Le chef d'œuvre
Être compagnon, c’est mériter un titre et la reconnaissance de ses pairs. Cela suppose d’abord d’être un ouvrier compétent dans son métier. Le candidat doit donc le prouver en fabriquant un chef-d’œuvre ou travail de réception.
Le mot de « maquette » s’est imposé depuis quelques années, bien qu’il ne reflète pas exactement la nature de ce travail. En effet, il s’agit pour le futur compagnon de réaliser un objet de dimensions variables et qui n’est pas forcément le modèle réduit d’un objet utilitaire. Les chefs-d’œuvre de réception sont, par exemple, pour un menuisier, une maquette d’escalier variant de quelques dizaines de centimètres de hauteur à un ou deux mètres.
De plus, le jeune ouvrier s’efforcera de prouver par ce travail qu’il connaît parfaitement les coupes et les assemblages, en compliquant la forme de l’escalier de telle façon qu’il ne serait pas réellement réalisable grandeur nature aussi parfait que possible, tel celui du compagnon serrurier Ange le Dauphiné (1809), dérobé à Marseille vers 1942.
Un jeune cordonnier a réalisé il y a quelques années quatre chaussures de modèles différents cousues sur une semelle unique, d’où un objet techniquement parfait, esthétique et original mais évidemment inadapté à un usage pratique. Parfois le chef-d’œuvre consiste à confectionner un travail grandeur nature, qui s’incorporera dans la maison des compagnons (une porte, une partie de couverture, le pavage d’une salle en pierre de taille…). De ce type sont aussi les chefs-d’œuvre des boulangers, pâtissiers et cuisiniers, qui doivent respecter les règles de la cuisson, être beaux et appétissants, témoigner de la maîtrise du mélange des ingrédients…et être bons au goût, car ils sont dégustés.
La finalité du chef-d’œuvre reste toujours la même : prouver que l’on connaît son métier. Il est examiné par les autres compagnons qui en font une critique sévère à la mesure des exigences attachées au titre de compagnon. Cette épreuve précède les cérémonies d’adoption puis de réception.

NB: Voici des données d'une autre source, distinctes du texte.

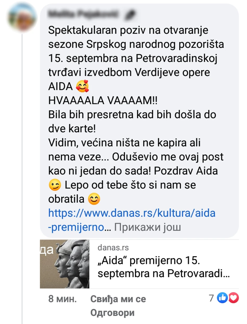 - Prvo smo napravili naloge, pa su danima ljudi dobijali čudne zahteve za prijateljstvo od Radamesa, Aide i Amneris I mogli da prate njihove međusobne odnose, naravno, prevedene u komunikaciju medija koji smo koristili – objašnjava nam Ivana Miloradov, saradnica Opere Srpskog narodnog pozorišta.
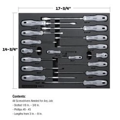 This line of Powerbuilt screwdrivers feature drivers that are built with single injection Acetate handles for maximum comfort and grip. Shafts are constructed of (SVCM) Silicon Vanadium Chrome Magnesium alloy steel for added durability and torque. Large size drivers have hex bolsters, and sizes are marked on the handle caps for easy size identification. All drivers exceed ANSI specifications for quality and performance.
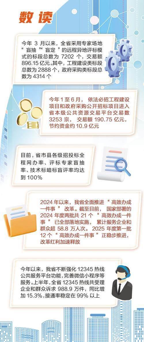 提升投标企业办事便利度,我省全力推进招标投标全程网办,实现招标、投标、开标、评标、定标、合同签订等事项在线办理和全程留痕、可追溯,让投标企业“一次不用跑”就能办完招标投标所有事项。
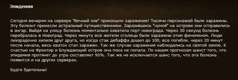 Подобных сообщений было около дюжины. Кто-то бился в истерике и предвещал апокалипсис в масштабах игровой вселенной, кто-то давал рекомендации по способам защиты от заразы, но были и такие, кто призывал разнести мор по всему миру, сформировав инфицированный рейд «Веселая Пандемия». Удалось ли собрать подобную группу мне достоверно не известно, но то, что зараза попала и на территорию Империи – факт непреложный.
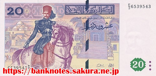 表面の肖像は「 Kheireddine Et-Tounsi (1822-1889) 」です。裏面には、大きな鳩、農作業をする人や電車が描かれています。
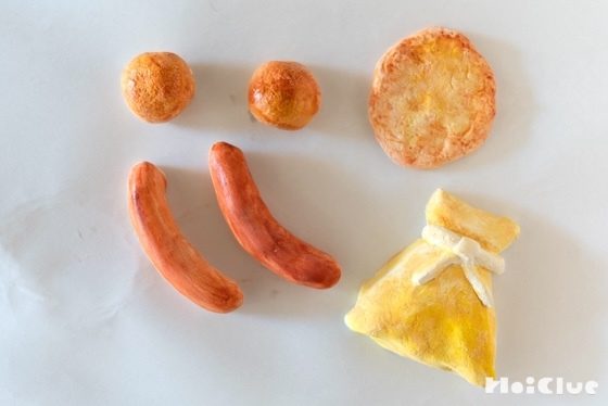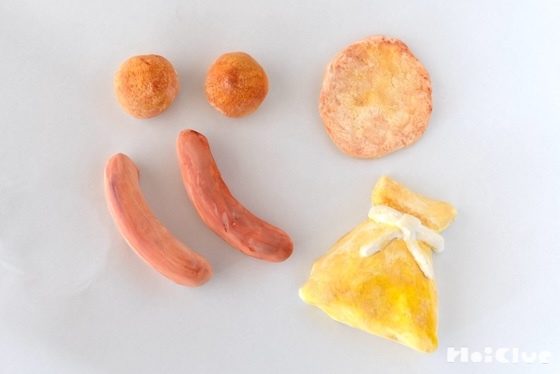 1. 最初に紙粘土で、おでん種の形を作ります。
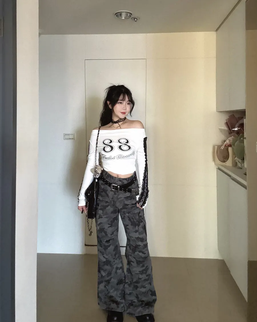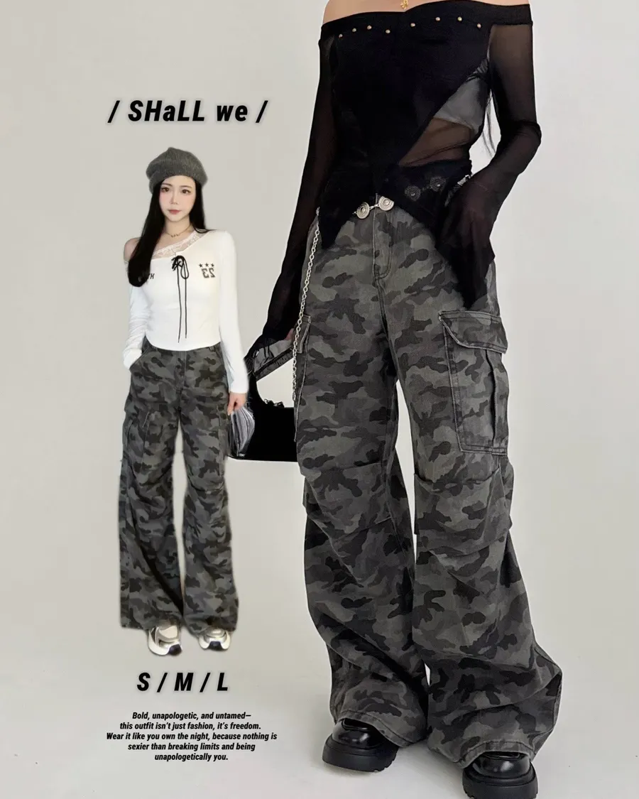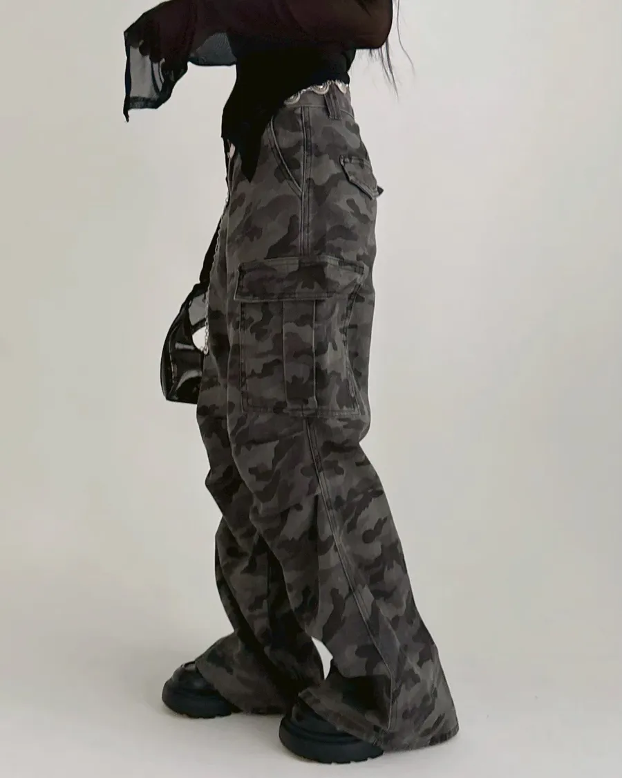 闆娘自留✨水洗灰色迷彩工裝長褲

On distingue plusieurs catégories de chefs-d’œuvre, dont le dénominateur commun est toujours d’être un objet unique, remarquable, aussi abouti que possible. Le chef-d’œuvre ou travail de réception précède l’admission à l’état de compagnon. Celui d’adoption, à l’état d’aspirant. Les chefs-d’œuvre de compétition et de défi appartiennent au passé : lorsque deux associations de même métier mais d’origine différente voulaient s’évincer pour s’assurer le monopole de l’embauche dans une ville, elles organisaient un concours. Un ou plusieurs compagnons désignés par chaque société devaient réaliser un chef-d’œuvre aussi parfait que possible, comme ce fut le cas à Marseille chez les compagnons serruriers en 1808-1809.
Il existe aussi des chefs-d’œuvre confectionnés par des compagnons pour le seul plaisir de vaincre les difficultés, en guise de passe-temps. D’autres ont été conçus au XIXe siècle pour affirmer la valeur du Compagnonnage dans une ville : ils étaient présentés lors des expositions professionnelles et promenés dans les rues de la ville lors de la fête patronale (chez les charpentiers, couvreurs, charrons et menuisiers). Certains chefs-d’œuvre ont été réalisés pour remercier des bienfaiteurs. D’autres encore pour accéder au titre de Meilleur Ouvrier de France.